WILKINS: In those years we didn't worry about communism at all; the principal discussion which took place between the American legation and the government of Iraq was related to oil. I remember that the United States had, through the American oil companies, slightly over 25 percent of the Iraqi petroleum. And we only gained that earlier because of great pressure by American oil companies on the government to persuade the British to let us have a part of it. And I was told that some of the most acrimonious correspondence in the files of the State Department related to the American interest in taking part in the Near East-Middle East.

. . . . . . . . . . . . . . .

James Forrestal is alleged to have said that the United States couldn't fight more than two years in a new world war without the oil reserves of the Middle East. Was that something that was on the minds of people in your office?

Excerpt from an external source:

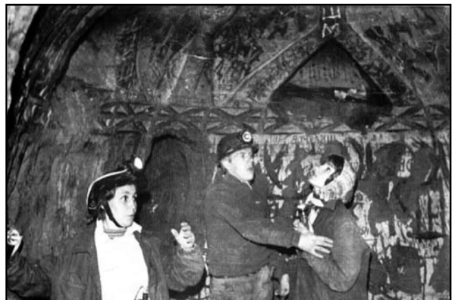
Обстеження каплиці членами спелеоархеологічної секції УТОПІК. Фото 1970 р.

Щодо питання часу заснування так званих Аліпіївих печер, то і тут не все до кінця зрозуміле.

WILKINS: Yes. And I remember very well Secretary Forrestal's attitude, because, on occasion, I accompanied Loy Henderson to the Pentagon for discussions with him, usually late in the evening. I remember one time Secretary Forrestal was due at some reception; he was dressed in evening clothes, and we stayed there in the Pentagon at least until midnight in sort of a general discussion with Secretary Forrestal about the situation in the area. So, generally speaking, in the Government, not only in the State Department, they were greatly concerned about the availability of petroleum supplies—going back, as I said in the beginning, to our interest in the oil of Iraq, not long after the First World War, and the desire of American companies to participate in the supplies of that country. Of course, we had more favorable arrangements in Saudi Arabia, and also in Kuwait, so all of this added up to a tremendous economic interest of the United States and also a strategic one.

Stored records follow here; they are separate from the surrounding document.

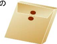
1,000円を超える信書便物
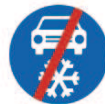
Zimní výbava - konec (č. C 15b)
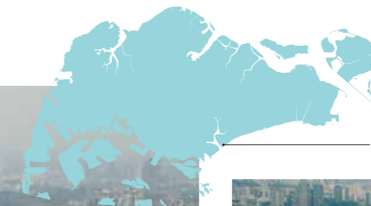
Marina Coastal Expressway MCE485工区

MCEは片側5車線の自動車専用道路で全長約5.3km。そのうち地下トンネル部は約3.6kmとなっ
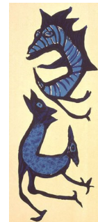
GUTTORM NORDØ (F. 1960) Hverken fugl eller fisk (2003) Litografi, 53.5x23.5cm
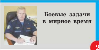
Боевые задачи в мирное время

To your knowledge, did any Arab nation ever threaten to cut off oil?

WILKINS: No, not to my knowledge. It was mentioned in the Arab press, of course, and you'd hear it said sometime, but not as a realistic step, because primarily they were dependent upon that oil; Iraq was, and so was Saudi Arabia.

If we might pursue the subject of oil just a little further, Truman is said to have felt that the English acted very foolishly a year or two years later, when Mossadegh decided to nationalize the oil of Iran. There were proposals negotiated by Paul Nitze and George McGhee which would have lessened British influence but would still have given them a place in the old Anglo-Iranian oil combine. The British foolishly refused to concede to that. What was your opinion of that?

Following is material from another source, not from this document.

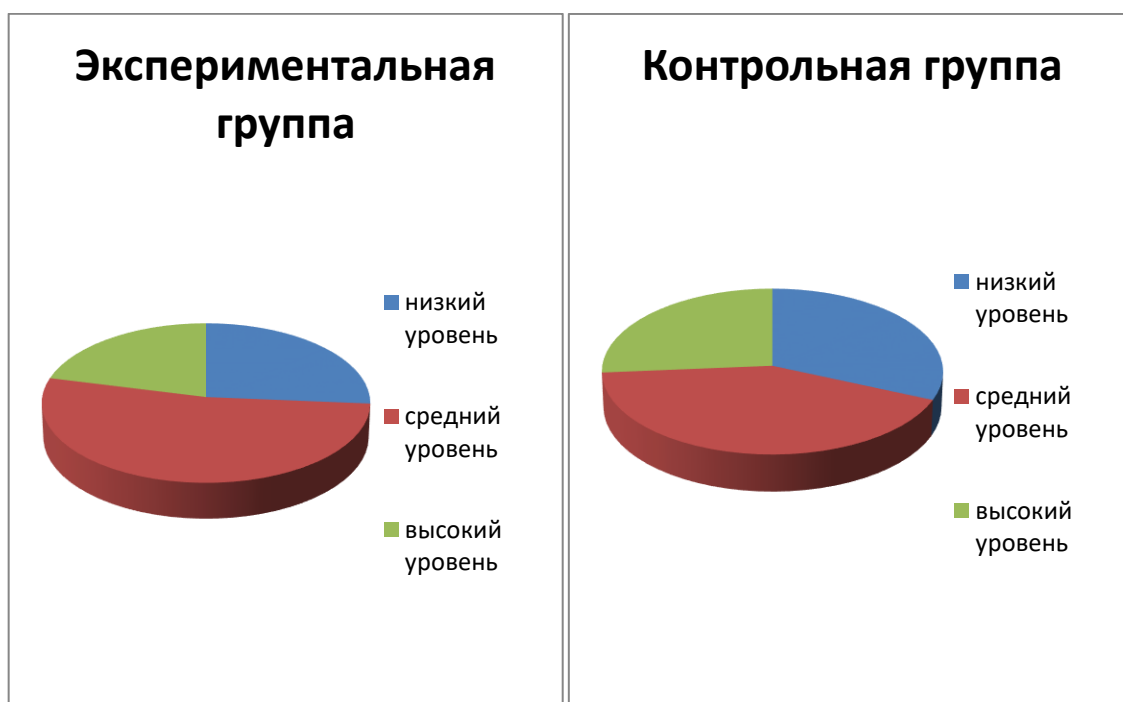
Рисунок 1- Результаты констатирующего эксперимента

Для большей наглядности полученные результаты на этапе констатирующего эксперимента представлены на рисунке 1.

WILKINS: There's no doubt about it, and it's incredible to me that the British, who pursued such a statesman-like policy immediately after the war, after [Clement] Attlee withdrew from Burma, Pakistan, India, Ceylon, and from Iran, and finally from Greece, Turkey, and Palestine, should have been so sticky about Iran with respect to the oil company and Mossadegh. But there again, I think they were under tremendous pressure from British commercial interests and thought that they could control the situation because of Iran's need for revenue from oil, not realizing that they were hurting themselves as much as they were Iran.

Not only Nitze and McGhee were involved in that, but Harriman also went on a mission to try to soothe those feathers. Were you in . . .

WILKINS: I wasn't present in the State Department in 1953; I had just come back from India, where I had been stationed for almost three years. And I was not placed in NEA again, but up in the Policy Planning Staff, and so I wasn't aware of the detailed work that was going on in England and the United States with respect to Iran. I was asked by Robert Bowie, who was the head of the Policy Planning Staff, in July 1953, if I would write a paper—my first task—with respect to a solution for the Anglo-Iranian dispute concerning oil. And he asked me if I could have it ready in a month. "Well," I said, "Mr. Bowie, I've been in India for three years and I haven't had any leave." I said, "If you don't mind, I'd like to take at least two weeks."

He said, "Okay, I'll give you six weeks to prepare the paper. You can take what leave you want in that time, but you have to prepare the paper."

So, I went away for a brief period, and I came back and I started consulting everybody in the Department and elsewhere, about what had been happening in Iran, about Mossadegh, and so on. I wrote a paper recommending a solution for ending the dispute. The day I handed it to Mr. Bowie, Mossadegh was overthrown. As you know, the CIA, it is widely said, was responsible for Mossadegh's overthrow. But it is interesting that no one alluded to this during my preparation for this report. It was quite clear to me, however, that something was going on from the type of responses that I got from the other departments of government.

But that wasn't the conclusion of your report.

WILKINS: Not to overthrow Mossadegh. But going back to your earlier statement, it is lamentable I think that the British were not as statesmanlike about the Anglo-Iranian dispute as they had been about their withdrawal from these other countries. If they had, why they would be in a better position in the Middle East today.




Related links:

Interview with U.S. Diplomat Henry A. Byroade, Discussing the Shah of Iran

"Mossadegh: No Again" — The New York Times, March 22, 1953

Alan Greenspan on the Significance of Oil to the U.S. Economy



MOSSADEGH t-shirts — "If I sit silently, I have sinned"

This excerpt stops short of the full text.